Lenny looked a little bloated tonight, his face puff-pastry white and an extracurricular jitter in his body lingo.
“Everything is real estate. You’re a product of your geography. If you’re a Catholic from New York, you’re a Jew. If you’re a Jew from Butte, Montana, you’re a totally goyish concoction. You’re like instant mashed potatoes. And that’s what this crisis is all about, incidentally. Instant mashed potatoes. The whole technology, man, of instant and quick, because we don’t have the attention span for normal wars anymore, and in the movie version it’s Rod Steiger playing Khrushchev as an Actors Studio chief of state. Dig it, he’s deep, he’s misunderstood, he’s got the accent down pat, the shaved head, he does the screaming fits, he does the motivation—lonely boy from the coal pits ruthlessly fights his way to the top but all he’s really looking for is a wisecracking dame who’ll give him some back talk and make him laugh once in a while. This is no bumpkin—half man, half sausage. Steiger plays him as a moody and sensitive loner burdened by the whole mishegaas of Russian history. We see his tender feminine side when he has an affair in a coat closet with an American double agent played by Kim Novak in a butch haircut.”
Lenny did the voices, the accents. He was not technically sound but mixed in whole cultures and geographies and cross-references to convey the layers of impersonation involved.
There was a beatnik element in the audience, several postbeats in old checked lumberjackets vintage 1950, men with a kind of distance in their gazes but still alert to signs of marvels astir in the universe, and a woman in a patchwork shirt with a baby in a pouch, probably the first and last infant at one of Lenny’s shows but this was San Francisco in the week that was.
“Kennedy makes an appearance in public and you hear people say, I saw his hair! Or, I saw his teeth! The spectacle’s so dazzling they can’t take it all in. I saw his hair! They’re venerating the sacred relics while the guy’s still alive.”

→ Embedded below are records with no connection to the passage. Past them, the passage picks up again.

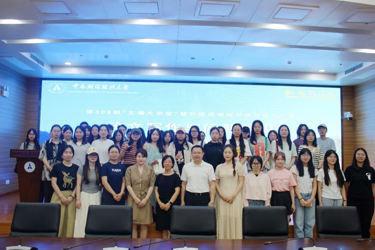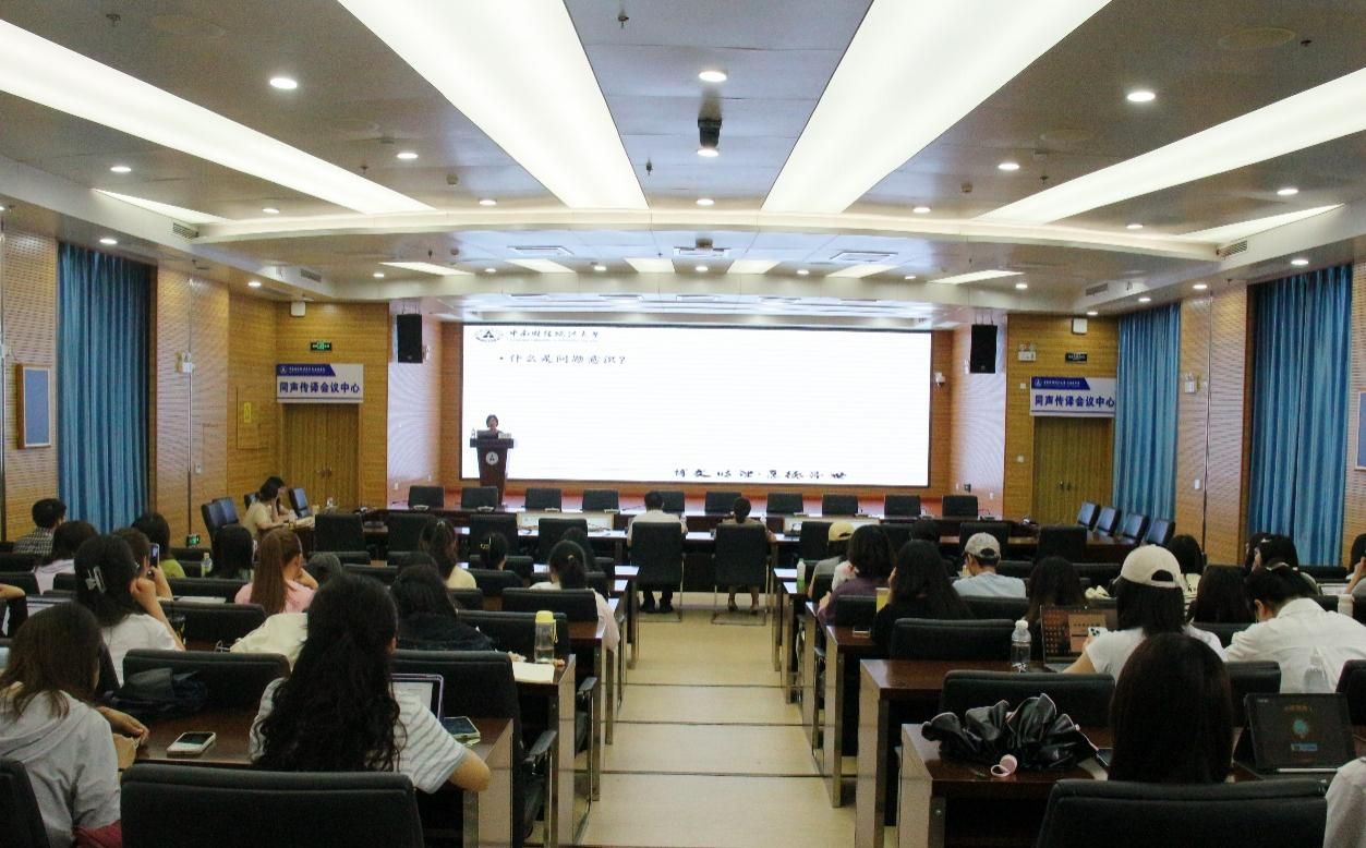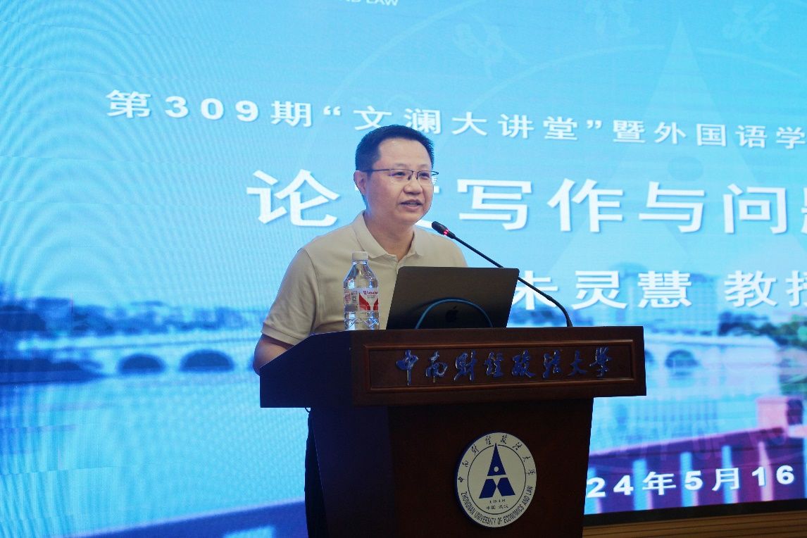 (通讯员 陶靖宁 贺倩)2024年5月16日14:30,js33333金沙线路检测第309期“文澜大讲堂”暨js33333金沙线路检测导学思政大讲堂在文澴楼同声传译会议中心开讲。本次讲座邀请学院翻译硕士导师组朱灵慧教授担任主讲人,主题为“论文写作与问题意识”。讲座由学院副院长袁奇主持,党委副书记白玉和研工办主任张冉出席活动,2022级、2023级研究生到场聆听。
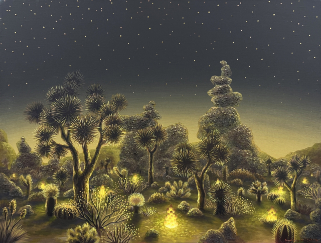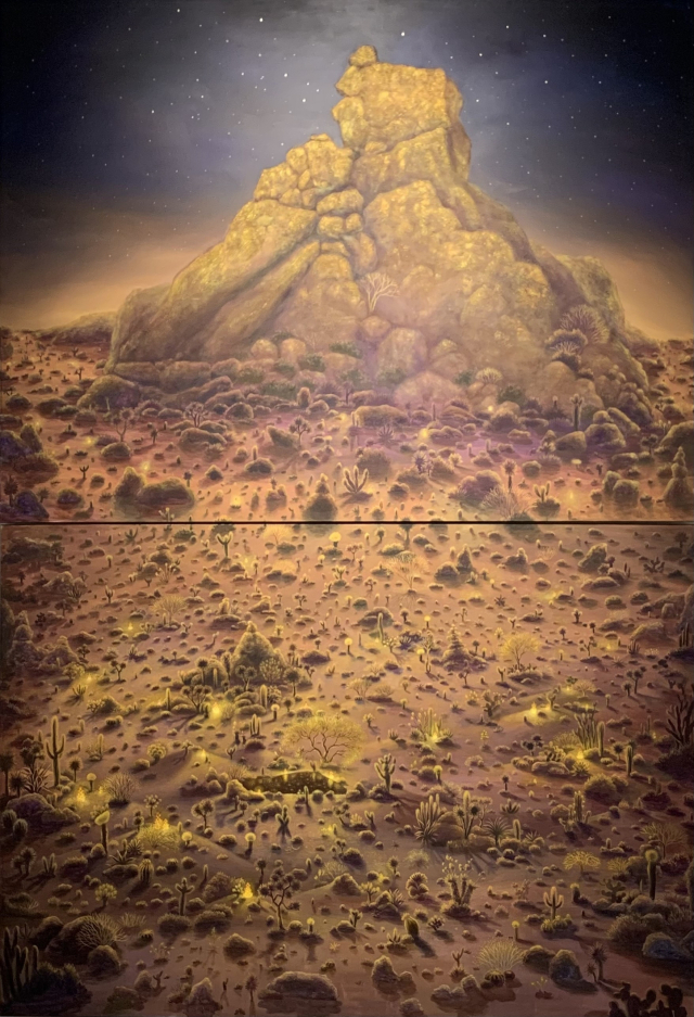 전시장 중앙에 있는 가로 2.5m, 세로 3.75m의 대작 ‘Big Rock’은 단연 시선을 압도한다. 사막의 낮에는 보이지 않지만, 그 자리에서 강인한 생명력을 지닌 작은 식물과 거대한 바위를 함께 그렸다. 작품은 관객들을 일시에 낯선 세계로 이동시켜주는 것 같다. 그외에 김 작가 특유의 아름다운 풍경 작품이 이어진다. 사실 김 작가의 그림은 실제 풍경이 아니라 김 작가가 평소 수집한 이미지들의 조합이다. 작가가 재구성한 자연은 신화, 탄생과 소멸, 역사가 뒤엉켜 현실과 상상이 넘나드는 독특한 분위기를 만든다.
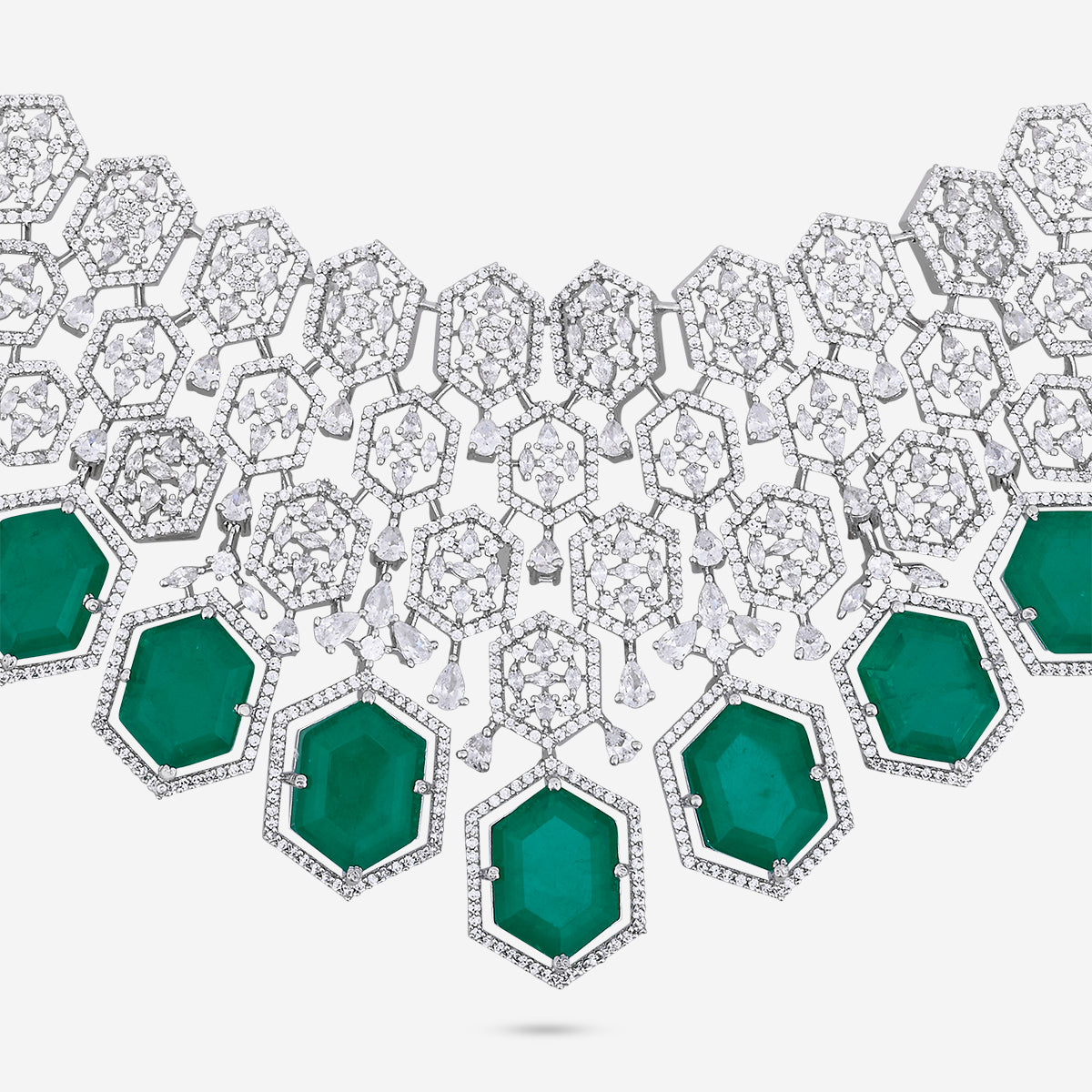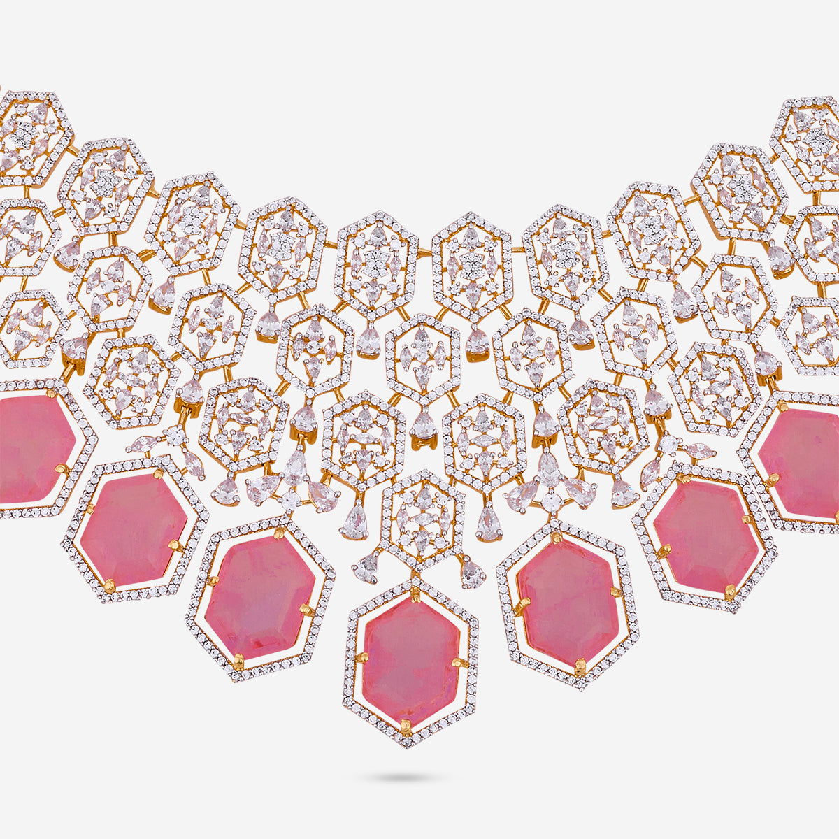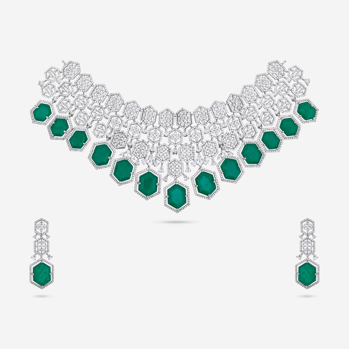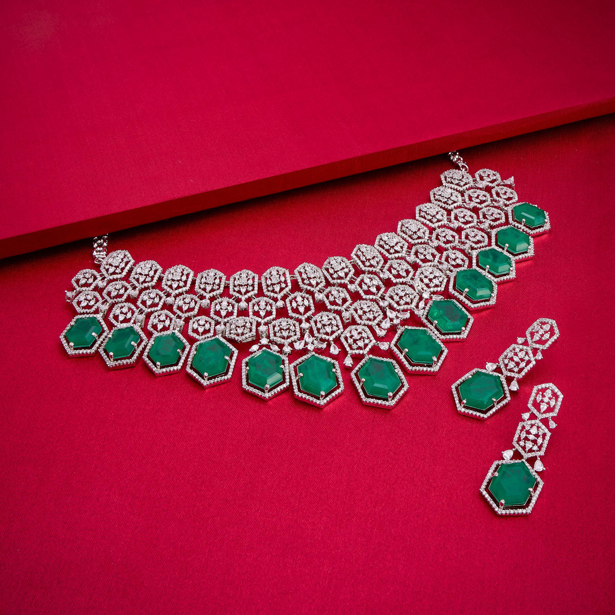 - For a bridal ensemble, go for elaborate zircon necklace designs that sparkle under the lights.
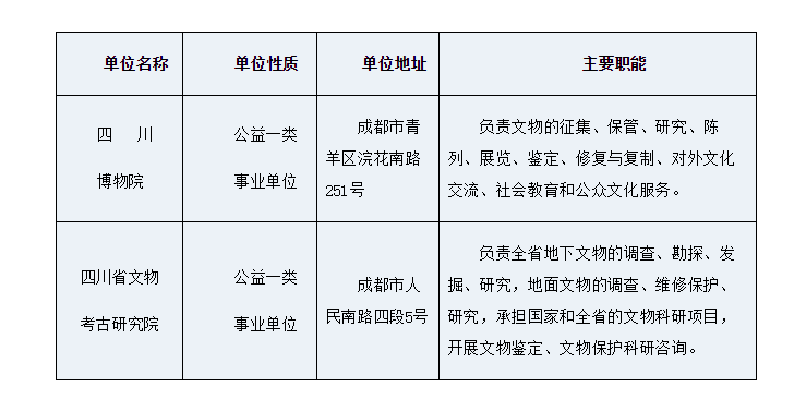本次招聘均在事業(yè)單位經(jīng)批準(zhǔn)設(shè)置的崗位內(nèi)招聘,招聘名額為28名,其中四川博物院20名、四川省文物考古研究院8名,具體崗位見(jiàn)《崗位和條件要求一覽表》。
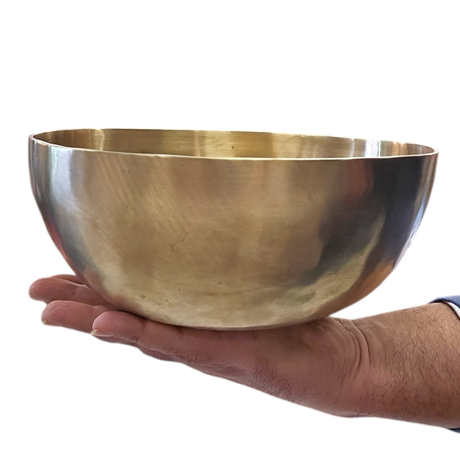 Experience the serene and harmonious tones of this 9-inch handmade singing bowl, crafted with precision by skilled artisans in India. This stunning bowl, weighing 1250 grams, is made from high-quality alloy of brass and bronze, ensuring durability and rich sound resonance.
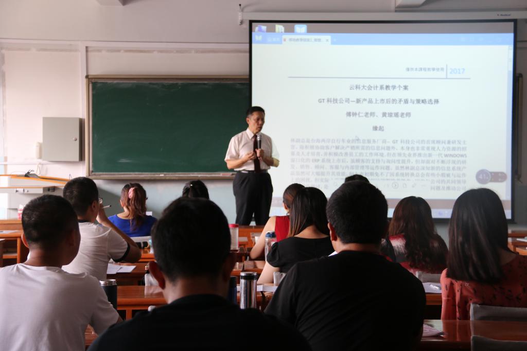 7月2日,内蒙古工业大学管理学院MBA学员与台湾云林科技大学12名EMBA学员在我校进行了移地教学活动,台湾云林科技大学会计系的傅钟仁、黄琼瑶两位教授为主讲教师,活动为期一天。而为了使我院学员对课程更好的了解和掌握,我院的部分老师也共同参与了此次活动。
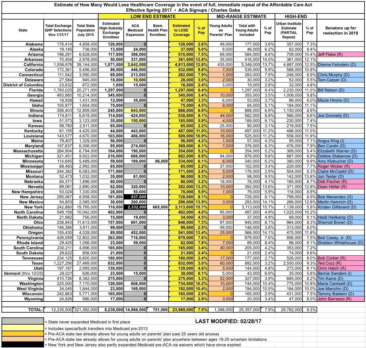 Remember: I'm only including those who I expect could lose their coverage, not the impact to Medicare, pre-ACA Medicaid, Group Coverage and so on.
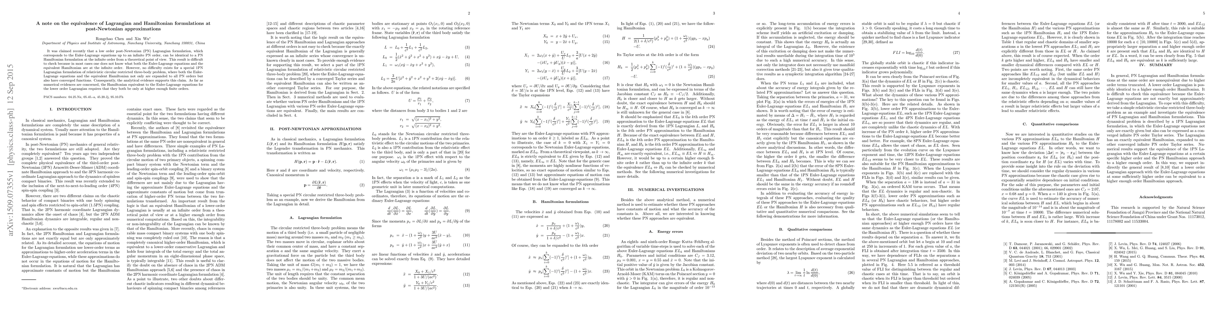 A recent study confirms that a low-order post-Newtonian Lagrangian formulation can be equivalent to a Hamiltonian formulation at infinite order for the relativistic circular restricted three-body problem. The evidence supports this claim both theoretically and numerically.
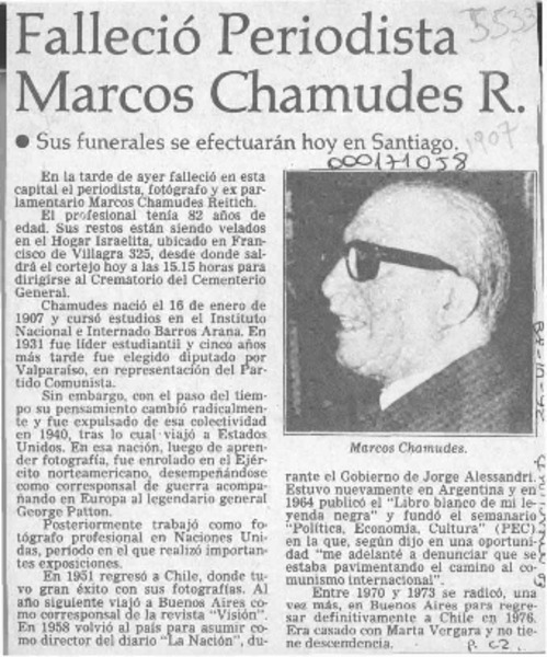 Falleció el periodista Marcos Chamudes Reitich [artículo].
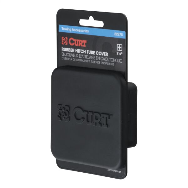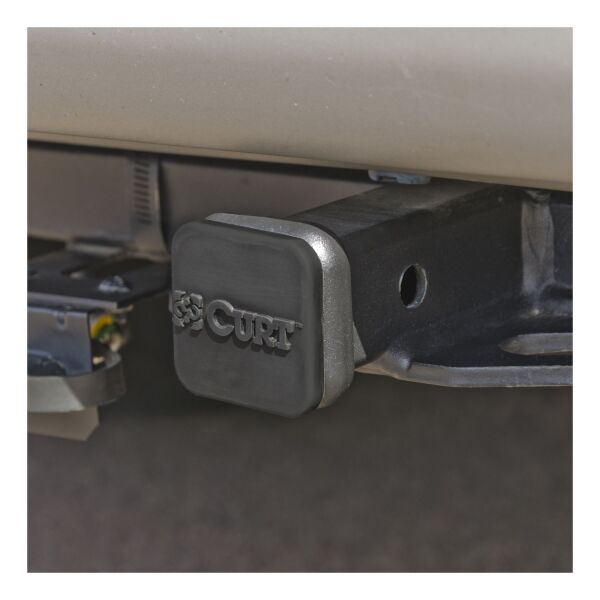 If you own a vehicle with a trailer hitch, you know how quickly the receiver tube can get built up with dirt, debris and road grime. It does not take long before inserting a ball mount or hitch-mounted accessory into your trailer hitch becomes more difficult than it should ever have to be. With enough time and moisture exposure, the inside of a receiver tube can become seized up with rust, making it very difficult to use. Keep your trailer hitch's receiver tube clean and protected when not towing with one of CURT's attractive and durable tube covers. This CURT 1-1/4" x 1-1/4" receiver tube cover is constructed from quality rubber and mounts on your trailer hitch with a friction fit, meaning no hitch pin or clip is required. At CURT, we want to give you a complete towing solution and that includes providing you with the products necessary to maintain your towing equipment. Defend your trailer hitch from the harsh elements with a CURT trailer hitch cover.
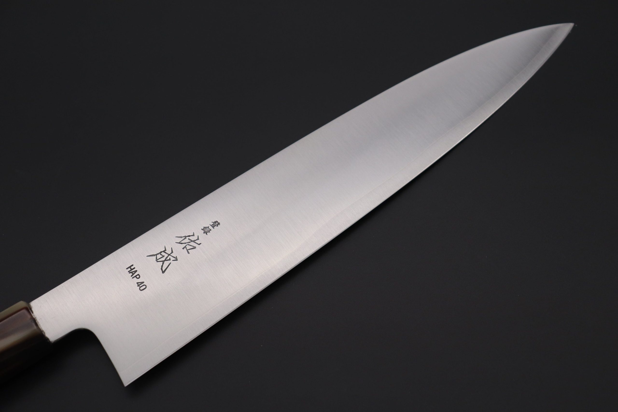 Hitachi HAP-40 is currently one of the most mysterious and attractive steels produced in Japan. This hi-tech powdered metal steel alloy has a very rich chemical position and, when it is forged and heat-treated properly, we believe that it probably offers better cutting performance and edge retention than any other high-quality Japanese steel.
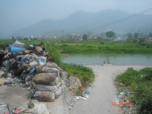 在金先生房子的后面,流淌着那条长达十几公里的菇溪,沿岸堆着不少工业垃圾和居民的生活垃圾,对面岸边不远处一堆垃圾正在露天焚烧,黑烟滚滚直冲云霄,空气中飘浮着一股刺鼻的气味。

In the beatnik canon it was America’s sickness that had produced the bomb. If the beats were receptive to Lenny’s take on hypocrisy and related matters and if they regretted his drug busts and obscenity trials, they were probably unmoved by the Russian accents and other ethnic riffs and bits that came shpritzing out of him like seltzer from an old bottling plant in Canarsie. The whole beat landscape was bomb-shadowed. It always had been. The beats didn’t need a missile crisis to make them think about the bomb. The bomb was their handiest reference to the moral squalor of America, the guilty place of smokestacks and robot corporations, Time-magazined and J. Edgar Hoovered, where people sat hunched over cups of coffee in a thousand rainswept truck stops on the jazz prairie, secret Trotskyites and sad nymphomaniacs with Buddhist pussies—things Lenny made fun of. Lenny was showbiz, he was suited and groomed and cool and corrupt, the mortician-comic, and the bomb was part of a scary ad campaign that had gotten out of hand.
He was wearing a Nehru jacket tonight, a dark tunic with a high collar, it needed cleaning and pressing, and he had a white raincoat draped over his shoulders—either he’d forgotten to take it off or he was planning to get out of here in a hurry.
He began an impressionistic ramble. Hard to follow. About court cases, lawyers and judges. Like listening to someone who thought he was talking to someone else.
Then he broke off and said, “Love me. That’s what I’m here for. Tonight and every night. Stop loving me, I die.”
This was not a bit. The bit followed this. It was a bit he’d thought up sitting in the plastic pygmy toilet on the flight from L.A. with a red light near his right eyeball flashing Return to seat Return to seat.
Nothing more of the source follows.